Dear All,
I am having a hard time understanding how to correctly give permissions to a snap application to inter-operate over dbus.
Considering a simple example, that I want to query current brightness settings in a system with gnome desktop environment. To do that, I need to query the property “Brightness” from an “org.gnome.SettingsDaemon.Power” object that has “org.gnome.SettingsDaemon.Power.Screen” interface with that property.
To do that, I use Qt DBus module, and for the sake of completeness here is how I call methods over dbus with it:
QDBusInterface screen{"org.gnome.SettingsDaemon.Power", "/org/gnome/SettingsDaemon/Power", "org.freedesktop.DBus.Properties", QDBusConnection::sessionBus()};
const auto message = screen.callWithArgumentList(QDBus::Block, "Get", {"org.gnome.SettingsDaemon.Power.Screen", "Brightness"});
QDBusPendingReply<QVariant> reply = message;
// Check for errors and process the result ...
Nevertheless, I can’t figure right setup for the slots & plugs in snapcraft.yaml, and I constantly get the following error:
Get asynchronous call finished with error: org.freedesktop.DBus.Error.AccessDenied (An AppArmor policy prevents this sender from sending this message to this recipient; type=\"method_call\", sender=\":1.2264\" (uid=1000 pid=484631 comm=\"/snap/snap-name/x2/usr/local/exe-name/exe-name --log_path\" label=\"snap.snap-name.snap-name (enforce)\") interface=\"org.freedesktop.DBus.Properties\" member=\"Get\" error name=\"(unset)\" requested_reply=\"0\" destination=\"org.gnome.SettingsDaemon.Power\" (uid=1000 pid=74054 comm=\"/usr/libexec/gsd-power \" label=\"unconfined\"))"

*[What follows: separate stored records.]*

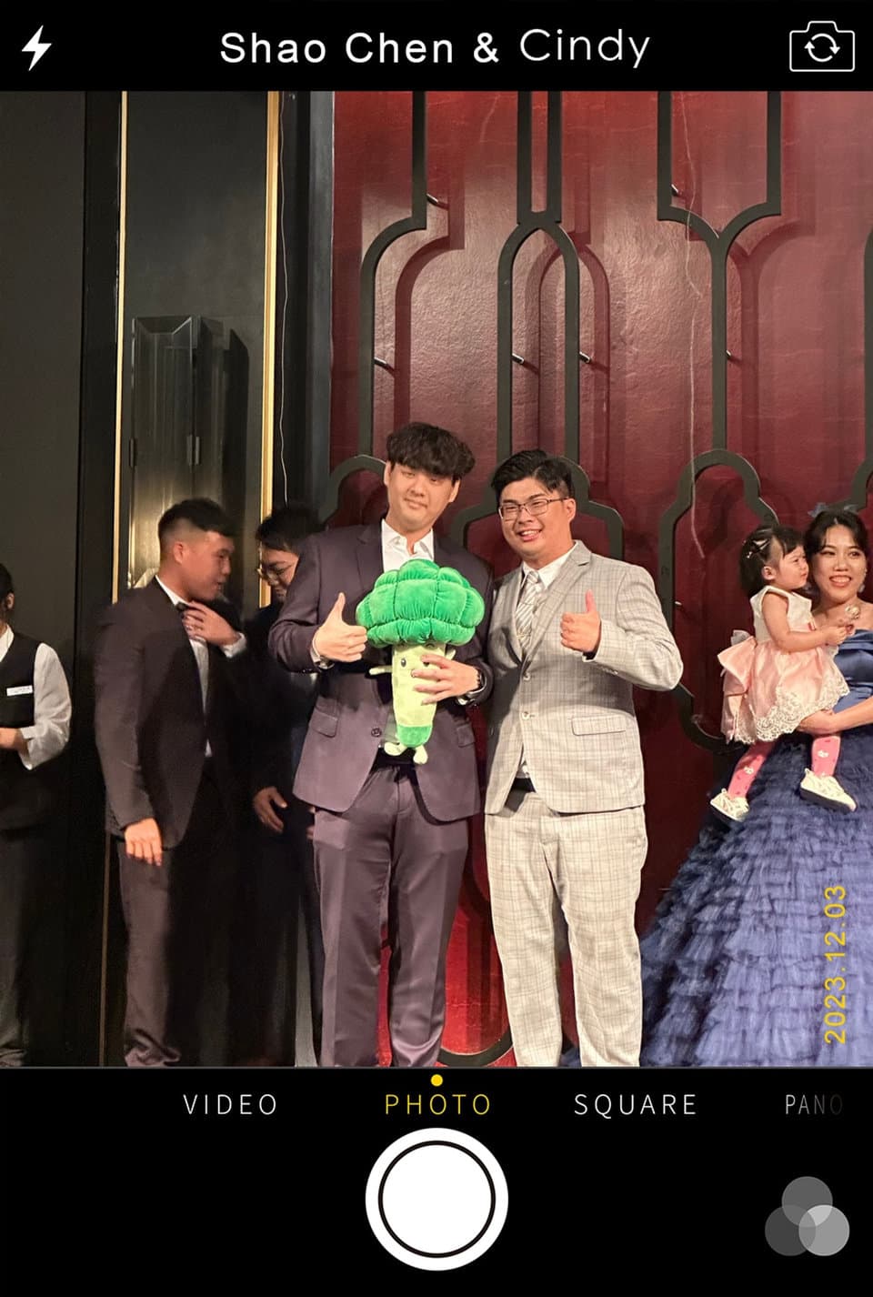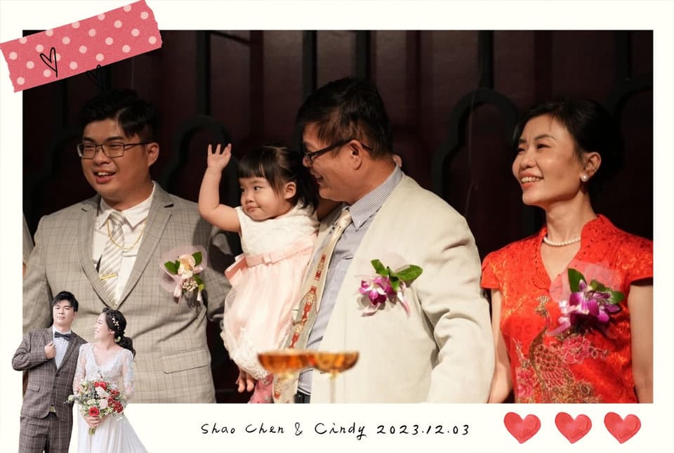 公公還以為我們請人家專門來印謝卡,想說都已經有謝卡了 為什麼還要印 哈哈 向他說明可以印自己的照片 背面還可以留言給我們的話 驚訝表示還有這種東西喔~~ 最好笑的是已經12點半了(原定開席時間12點),小秘書跑來詢問是否要開席了 但是還沒完全坐滿 只有5成 老公跑出去看 結果賓客都擠在機台前印照片 真的是嚇死 哈哈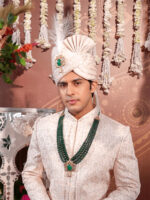 This set highlights a bold emerald stone that brings richness and strength to the design.The mala is strung with deep green beads, while the kalangi is crafted in antique gold with a matching emerald centerpiece.The look is powerful yet royal, making it a perfect choice for weddings, receptions, and grand celebrations.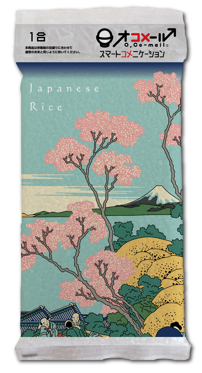 新潟産こしひかりを浮世絵風のパッケージに真空包装しました。150gとなります。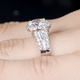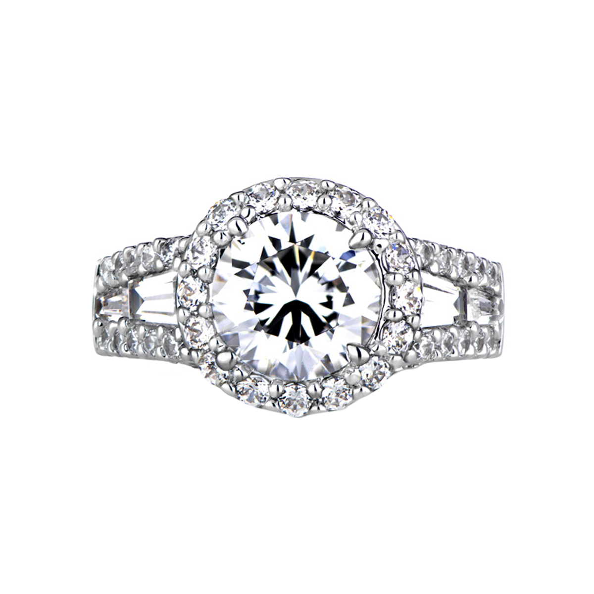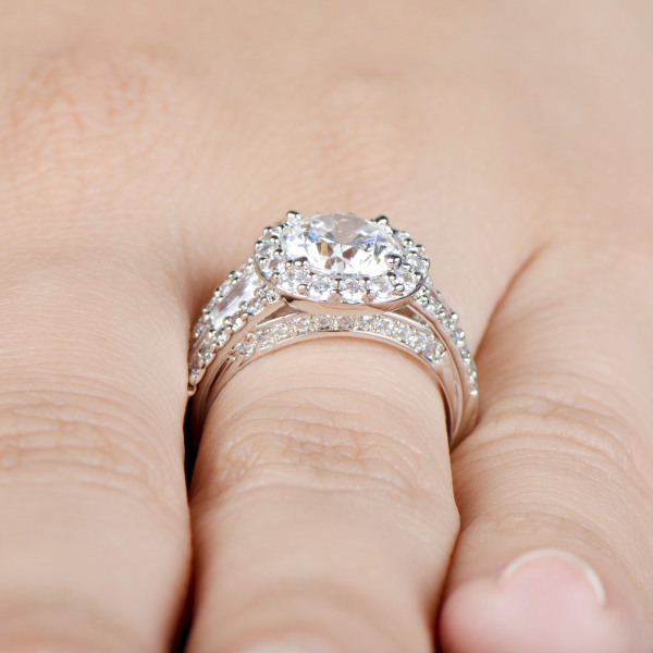 - The stunning CZ center blings brightly at 2.5 carats. Shimmering baguette cut CZs line each side of the band and tiny round cut stones accent the larger stones.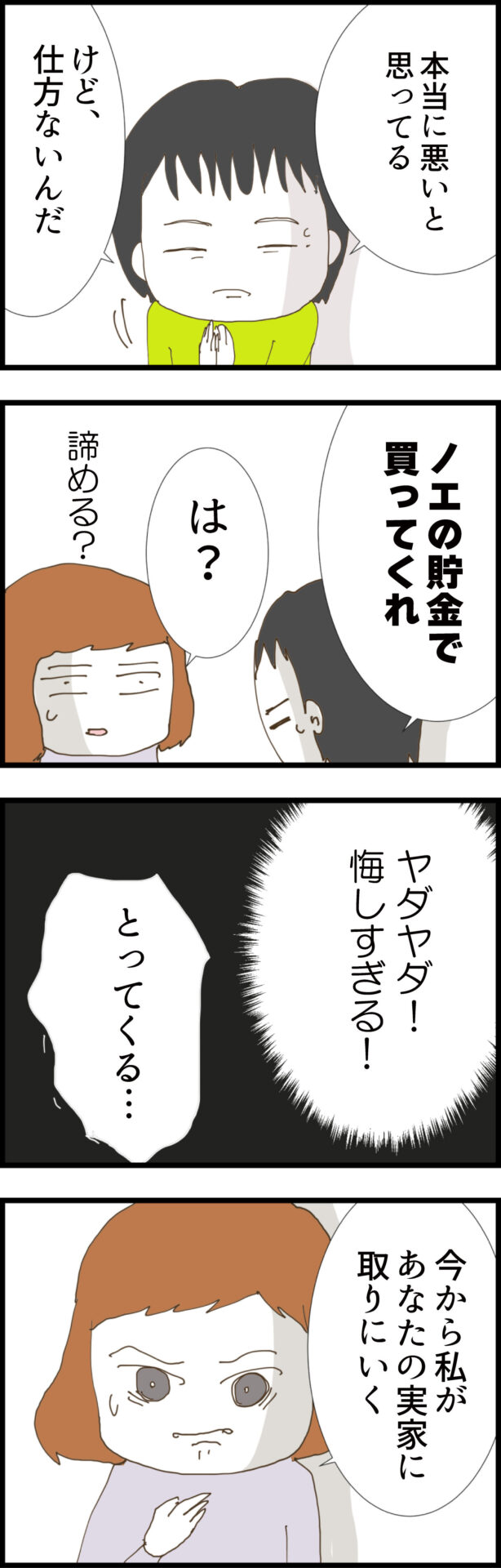 「必要な分はノエの貯金で買えばいいじゃん」最低すぎる夫の発言に怒り爆発!

Relevant parts of my current snapcraft.yaml look something like this:
---
base: core20
confinement: strict
grade: devel
environment:
LD_LIBRARY_PATH: $SNAP/usr/lib/:$SNAP/usr/lib/$SNAPCRAFT_ARCH_TRIPLET/:$SNAP/usr/lib/$SNAPCRAFT_ARCH_TRIPLET/pulseaudio
PATH: $SNAP/bin/:$SNAP/usr/bin/:$PATH
# Prep EGL
__EGL_VENDOR_LIBRARY_DIRS: $SNAP/etc/glvnd/egl_vendor.d:$SNAP/usr/share/glvnd/egl_vendor.d
LIBGL_DRIVERS_PATH: $SNAP/usr/lib/$SNAPCRAFT_ARCH_TRIPLET/dri
LIBVA_DRIVERS_PATH: $SNAP/usr/lib/$SNAPCRAFT_ARCH_TRIPLET/dri
# QT
QT_QPA_PLATFORM_PLUGIN_PATH: $SNAP/usr/lib/$SNAPCRAFT_ARCH_TRIPLET/qt5/plugins
QML_IMPORT_PATH: $SNAP/usr/lib/$SNAPCRAFT_ARCH_TRIPLET/qt5/qml
QML2_IMPORT_PATH: $SNAP/usr/lib/$SNAPCRAFT_ARCH_TRIPLET/qt5/qml
plugs:
dbus-d:
interface: dbus
bus: system
name: org.freedesktop.DBus
dbus-network-manager:
interface: dbus
bus: system
name: org.freedesktop.NetworkManager
dbus-gnome:
interface: dbus
bus: session
name: org.gnome
dbus-gnome-settingsdaemon-power:
interface: dbus
bus: session
name: org.gnome.SettingsDaemon.Power
slots:
s-dbus-1:
interface: dbus
bus: session
name: ru.orgname.appname
apps:
exe-name:
command: usr/local/exe-name/exe-name ...
plugs:
- opengl
- x11
- audio-playback
- network
- network-bind
- camera
- display-control
- dbus-d
- dbus-network-manager
- dbus-gnome
- dbus-gnome-settingsdaemon-power
- desktop
slots:
- s-dbus-1
environment:
# PulseAudio
PULSE_SERVER: "unix:$XDG_RUNTIME_DIR/../pulse/native"
Note that without “s-dbus-1” slot from above I couldn’t even connect to the bus, the error from the above code was
org.freedesktop.DBus.Error.Disconnected (Not connected to D-Bus server)
Moreover, everything works fine if I install the app with --devmode option.
It looks like I am doing something wrong, but I can’t grasp what so far. So the question is, what slots & plugs specifically I need to be able to call some methods on a remote object with name “org.foo.bar”?